How Drug-Testing Has Changed in the COVID-19 Era
Employment expert discusses drug testing and how employers can monitor substance use among WFH employees
A recent survey revealed that positive drug tests among American employees reached a record high in 2019. But drug testing employees in 2020 will be much different due to the COVID-19 pandemic. How can employers monitor substance abuse among workers when millions of employees are working-from-home?
“We know that alcohol use has skyrocketed during the pandemic, and presumably drug use has as well, although those statistics are harder to track,’ says Rob Wilson, President of Employco USA and an employment trends expert. “Understandably, many employers are concerned about substance use among their workers, especially if it is occurring on the clock. Since so many people are working from home, it can be really hard to know if an employee is abusing drugs or alcohol during work hours, yet by the same token, drug-testing can also feel risky during a time when people are afraid to go to the doctor or health clinic or expose themselves to unnecessary germs.”
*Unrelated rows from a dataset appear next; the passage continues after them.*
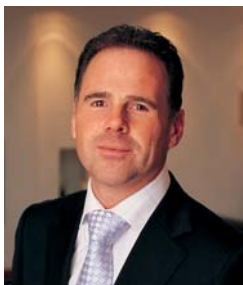
Payne will head a new management arm at Topaz

Meanwhile, the 777-bedroom adults-only Aventura Spa Palace, which will also be rebranded, currently incorporates a spa with a total of 75 treatment rooms and offering the signature Temazcal treatment.
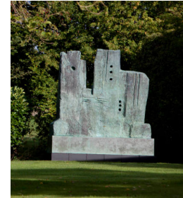
Object number: LH 483 cast 0 Classifications: Sculpture Title: The Wall: Background for Sculpture Date: 1962 Medium: bronze Ownership: The Henry Moore Foundation: gift of the artist 1977
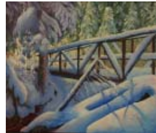
Bridge over Weskuso Falls
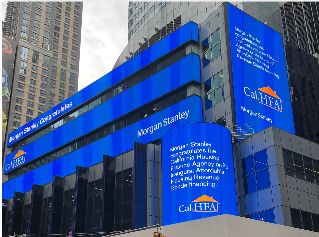
Photos from CalHFA being shown on the screen at Times Square
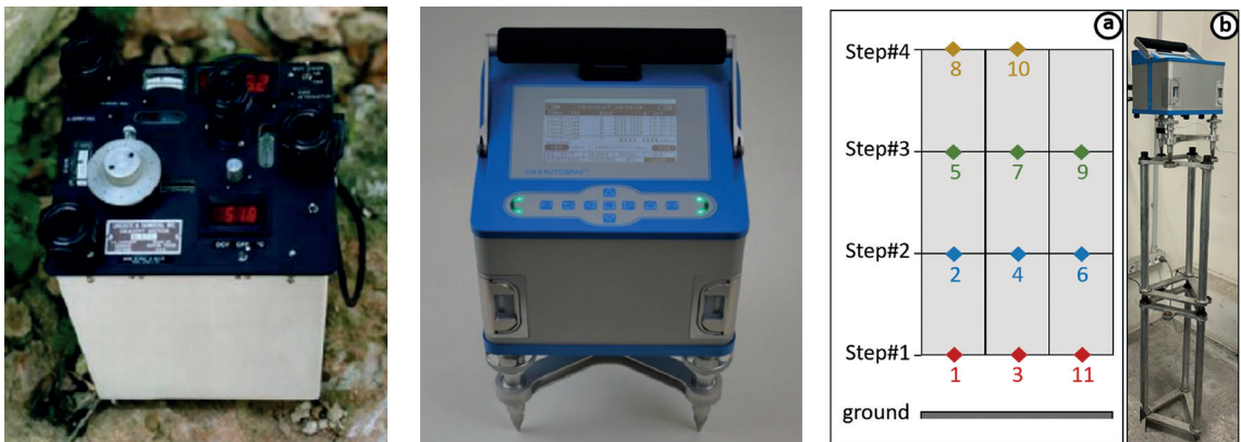
Fig. 3 - The relative gravimeters used in the frame of the project: LaCoste & Romberg, model D (left); Scintrex CG-6 (middle) both employed to measure the VGG and the gravity difference from the absolute to the auxiliary outdoor point; example of measurement scheme and tripod frame employed to measure the VGG at the absolute stations (right).

For most gravity stations, the surveying scheme that has been adopted for referencing the GO points is based on the integration of GNSS observations and three-dimensional (3D) total station local survey. Outside each GO station, a GNSS campaign, was performed on at least two points. Starting from these GNSS points, 3D closed loop traverse schemes were, then, adopted to survey the GO points located inside buildings. In particular sites (for example Catania, Noto, Palermo, and Rome), GNSS permanent stations were included in the traverse scheme in order to improve the robustness of the surveys.
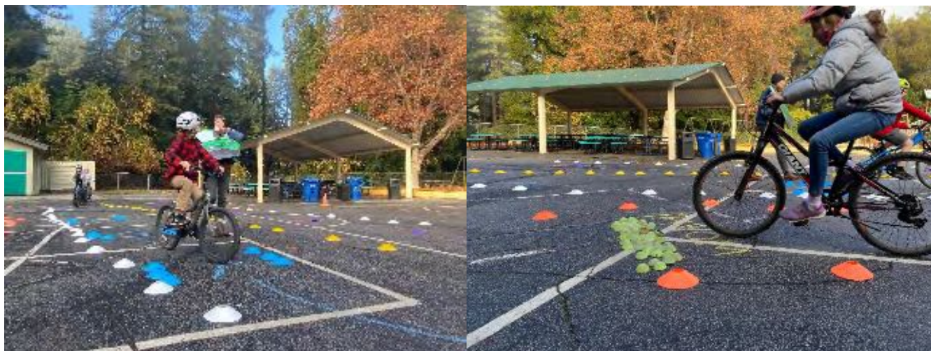
Boulder Creek Elementary, December 2022
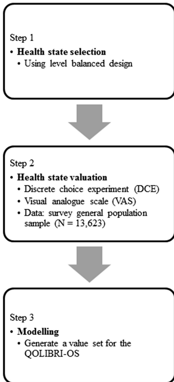
Fig. 1 Steps taken to yield a QOLIBRI-OS value set which enables calculation of utility weights for the health states measured with this instrument. QOLIBRI Quality of Life after Brain Injury, QOLIBRI-OS Quality of Life after Brain Injury Overall Scale
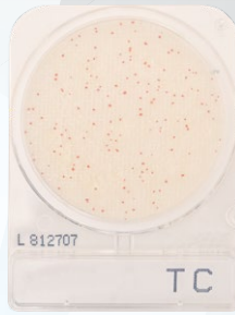
Total Count Cat. no. TPC100
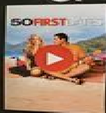
50 First Dates
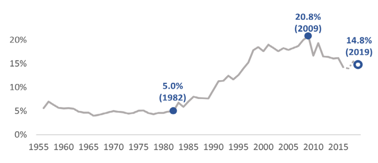
Figure 1: Small Business Share of R&D Performance

Note: 2017-2019 shares for businesses with 5-9 employees imputed by author.
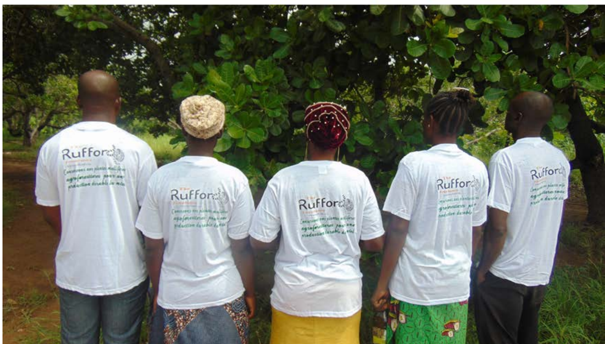
Sensitisation of honey farmers on the conservation of melliferous plants for the sustainable production of therapeutic honey: case of Pterocarpus erinaeus and Anacardium occidentale in Benin.
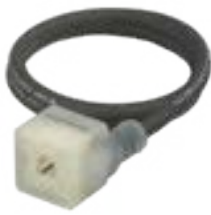
5F Series MINI, ISO, & Sub-Micro Fully Molded
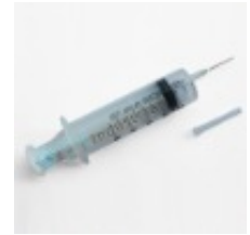
50ml Disposable 3parts syringe
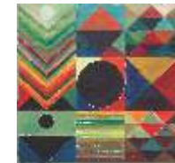
Harit Amav, 2015
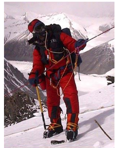
Using Fixed Ropes

Most men simply do not communicate to the same depth when women are present – about either spiritual or emotional issues. Effective men's ministries structure their ministry in a way which allows men some time to talk with other men, without women present.
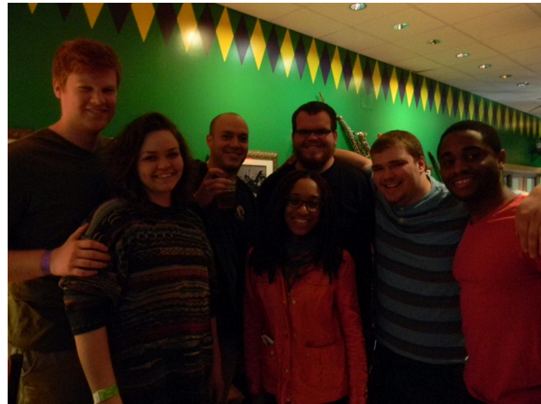
Team HSC after placing 2nd for the Semester in Flat Tuesdays' Trivia Competition

And stay tuned for our independent website (Still under construction)
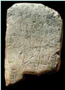
The Gezer Calendar, one of the oldest examples of paleo-Hebrew script
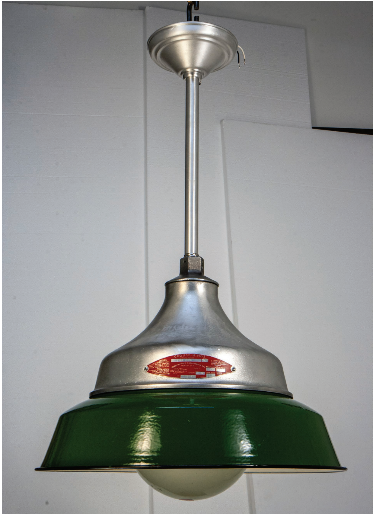
UA0366-37 SV 14"h x 20"Ø Quantity: 10 $4,500
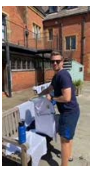
Mostly E's: You're...
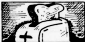
The first automatic pop-up electric toaster was marketed in June, 1926. It received one slice of toast at a time.

To register for any of these evening classes, call 334-0909.
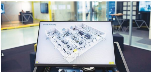
Machine data collected by TRUMPF in its smart factory helps the computer vision team to train the AI.

In this business model, TRUMPF’s fully automated flagship is located at the customer’s site, where it produces the desired parts; but control of the machine lies in the hands of a TRUMPF team at the Neukirch site in Saxony, which operates in three shifts, including at night. The cameras keep the team updated on every aspect of the machine’s operation and deliver a non-stop stream of data. If a sheet-metal part gets stuck, the cameras record a short clip starting a few seconds before the event and ending a few seconds after. This helps the AI learn how to avoid such errors in the future. AI offers numerous potential benefits and uses, some of which are still in their infancy. Examples include more-efficient machine utilization, longer running times, higher part quantities, savings on materials, predictive maintenance and assistance systems. “There’s a lot happening in computer vision at the moment,” says Weiß. He is excited about 2024, which will introduce features such as smart cameras – some even with AI functions – to TRUMPF machines.
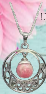
NDPI-TCB Measures 1.75" diameter
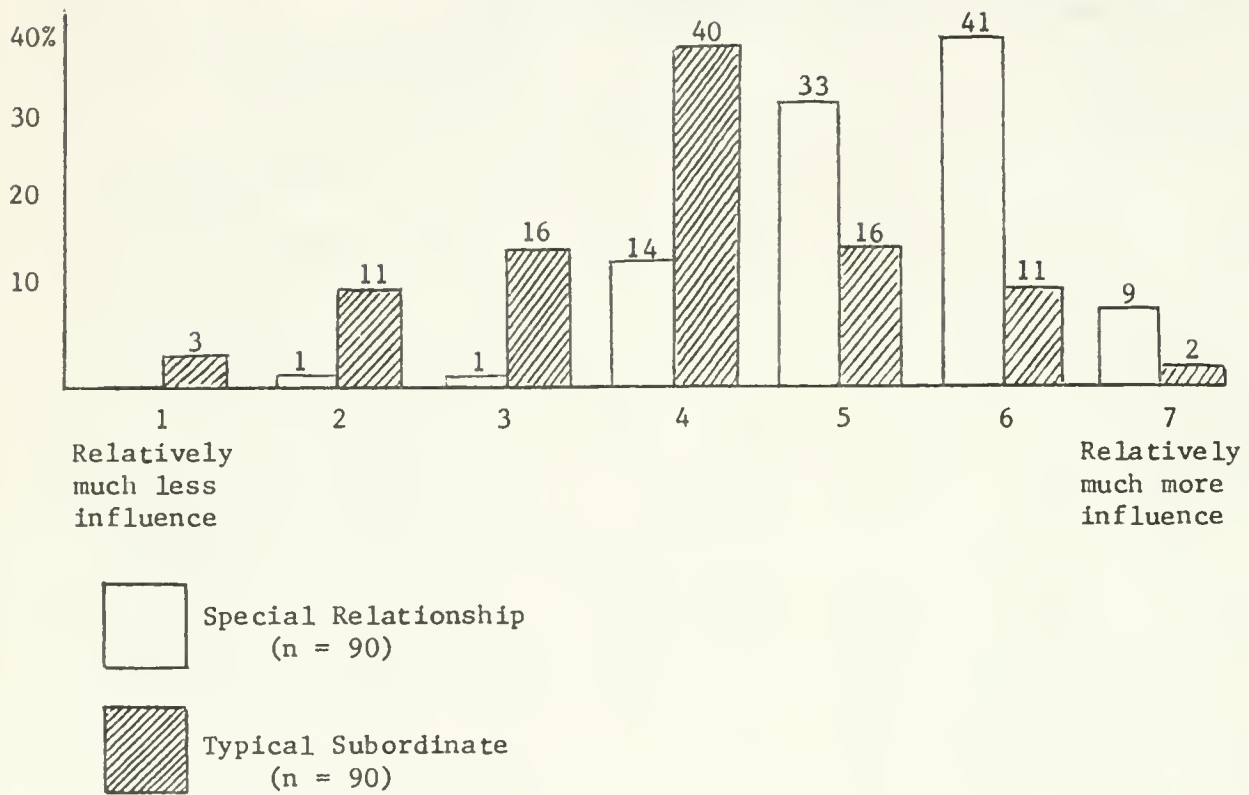
Figure 1. Career Influence. Percentage distribution of responses for Special Relationships and Typical Subordinates.
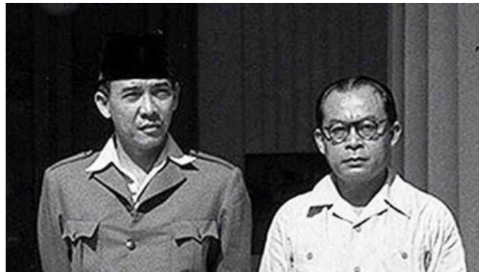
Figure 2 Soekarno-Hatta Feud

On August 17, 1945, they jointly proclaimed Indonesian Independence. During the independence revolution, the Soekarno-Hatta Dwitunggal grew into a myth that was synonymous with the struggle for independence and Indonesian unity. However, this myth seemed to disappear after the PKI entered the political arena of government.
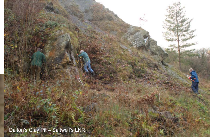
Dalton's Clay Pit – Saltwell's LNR.
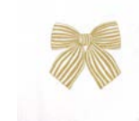
Cocktail napkin Nœud or en intissé 25 x 25 cm unfolded - Pressed cellulose fibers – Fabric-like feel and appearance Designed and made in France €4,40 per pack of 20 napkins*
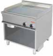
FRY TOP EG921SG o - EG921SG #
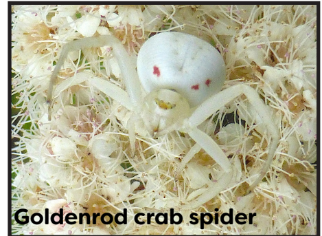
Goldenrod crab spider
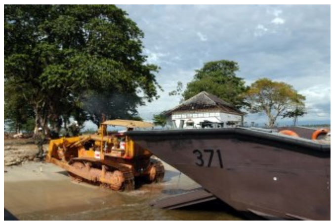
Singapore's Relief Assistance to Countries Stricken by the Earthquake and Tsunamis (30 Dec 04 - 03 Jan 05)
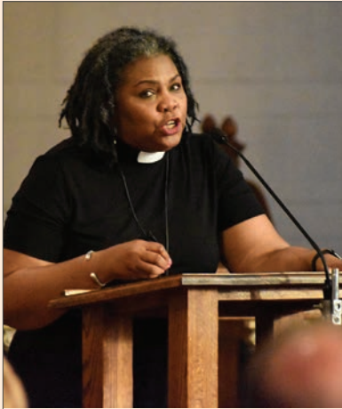
Rev. Traci Blackmon, Associate General Minister of Justice & Local Church Ministries for The United Church of Christ, speaks at NETWORK's reparations vigil in Cleveland.

first Black nuns had to establish their own congregations because they were not welcome. And it still makes me wonder, what happened to the dignity of all humans? You just don't know what to do with that sometimes."
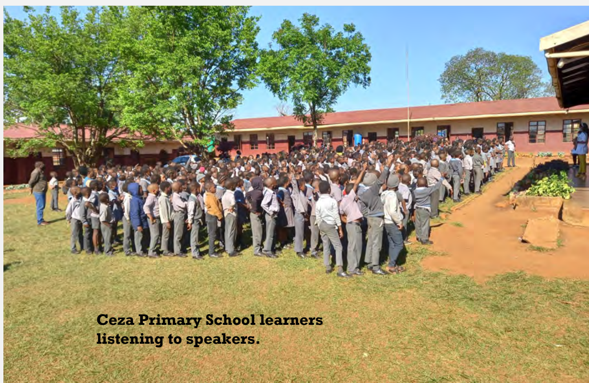
Ceza Primary School learners listening to speakers.
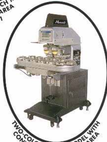
TWO-COLOR FLOOR MODEL WITH CONVEYOR, 3 X 3 IMAGE AREA MO-100-2

A WHOLE NEW WAY OF MARKING A WHOLE NEW WAY OF MARKING A WHOLE NEW WAY OF MARKING
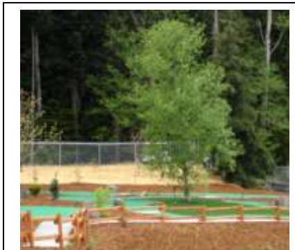
Back of course holes
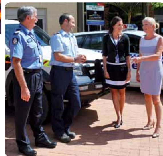
Youth services, major projects, waste services and community safety are just some of the areas that the City of Wanneroo delivers.
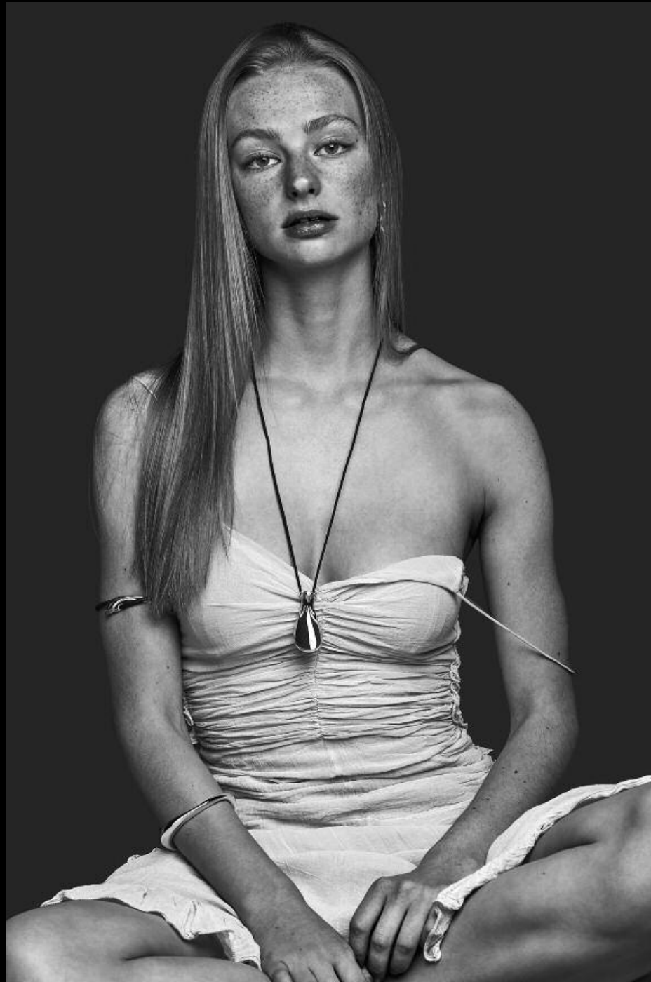
CRESCENT SILVER BRACELET | SILVER POUCH PENDANT | SILVER & RUBBER BRACELET
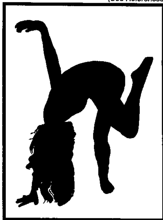
Silhougraph of Eleanor King in Transformations rendered from 1955 photograph by Howard Whitlatch (Plett 1988, p. 19)
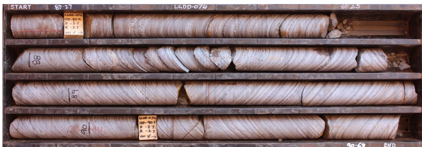
Photo 1 - Strong magnetite mineralisation at Moonshine North Zone in diamond drill hole LGDD_074
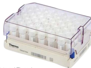
Nunc External Thread tube racked
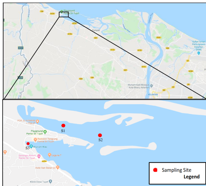
Figure 1. Three sampling points at Sri Tujuh Beach, Tumpat
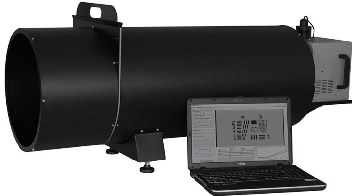
Fig. 1. Photo of the LOF measuring set
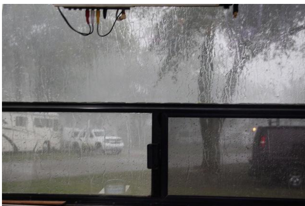
A Little Rain !!!
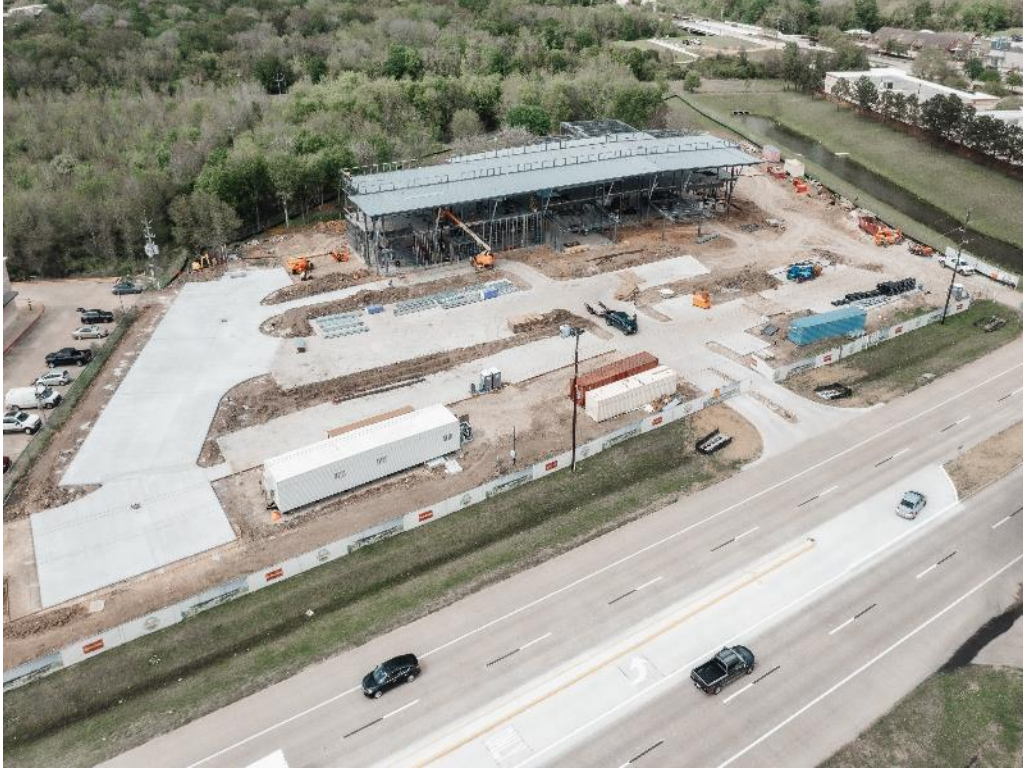
Left-Turn Lane has been Completed
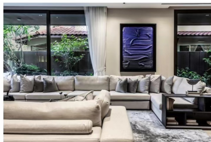
ABOVE The homeowners love for hosting guests is reflected in the living room's design
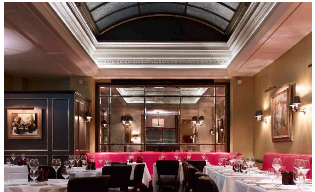
Restaurant: up to 100 guests seated capacity.
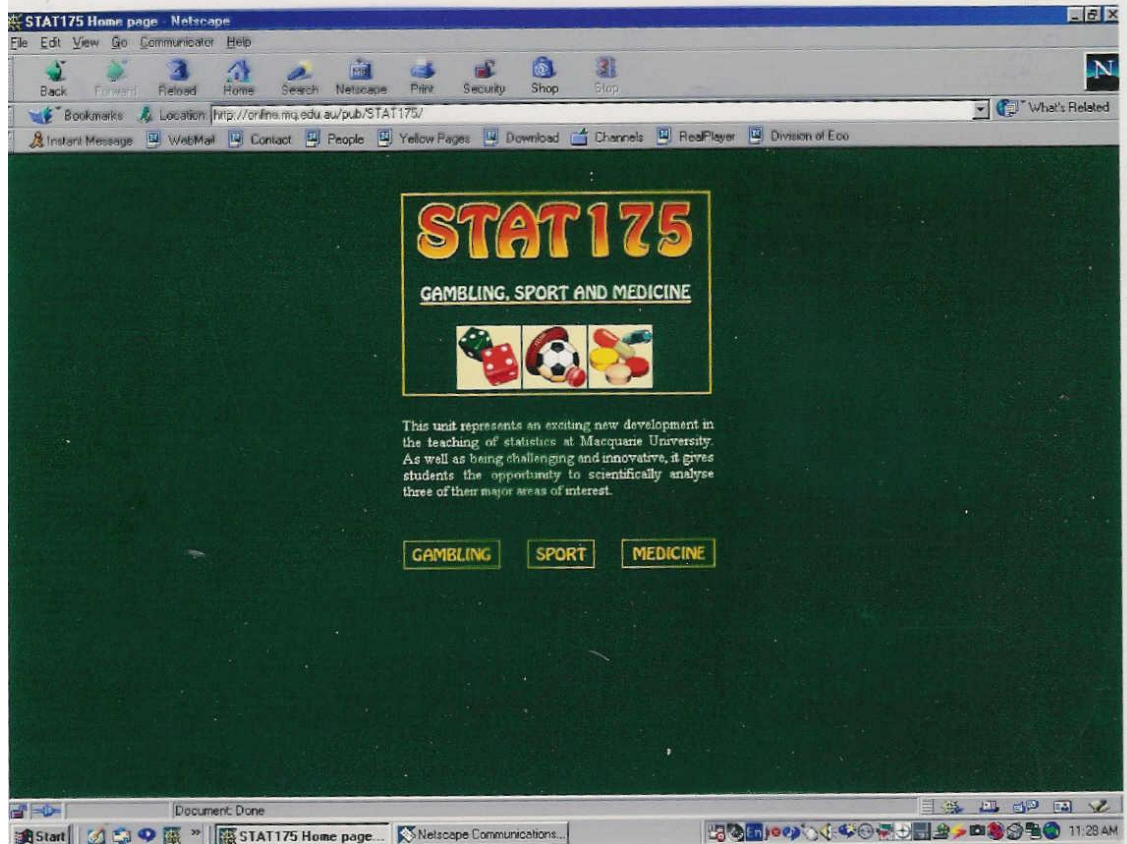
Figure 1: The opening screen of the public section of the website for Gambling, Sport and Medicine

The Olympic Games in 2000 and 2004 provided a golden opportunity to demonstrate statistical techniques using sporting data. In particular, one lively topic of discussion was the times and distances that athletes and swimmers would have to achieve in order to win a gold medal. With an abundance of historical data, students were able to use their statistical skills to come up with various intervals within which they feel the winning performance would lie. Then they could compare their answers with what actually happened.

So how can employers safely continue drug testing their employees while still respecting the very real dangers of the pandemic?
“Mail-in drug tests are a good option for employers who want to monitor employees without requiring the employee to attend an in-person clinic,” says Wilson. “This may be a good option particularly for employees who are high-risk and very concerned about being exposed to the virus.”
For in-person testing, Wilson suggests having a healthcare professional perform the test on-site at your company location.
“Stagger testing times so that employees are able to practice social distancing and aren’t lining up close to one another,” says Wilson. “Have cleaning staff on hand to keep the bathroom sanitized between uses and help employees feel safe.”
Wilson also advises employers to be vigilant about staying in touch with their WFH employees and ensuring that daily timesheets and duties are monitored in order to keep workers on track.
“Daily conference calls or video calls can help to create a feeling of connection as well as help employees to feel seen and valued by their managers,” says Wilson. “Clear expectations and regular, scheduled contact throughout the week will help employees stay on track and create a sense of normalcy and routine that can be very valuable for mental health and for a company’s bottom line.”
Last, Wilson encourages employers to invest in mental health resources for employees and to normalize self-care as part of company culture.
“We know that 1 in 10 Americans struggle with addiction. It’s a disease that often requires outside assistance and treatment in order for the person to find healing and recovery. Drug testing is just one way that employees can monitor substance abuse, but even better is to add complementary practices like offering therapy or addiction recovery information to employees, as well as incentivizing exercise and other physical health measures.”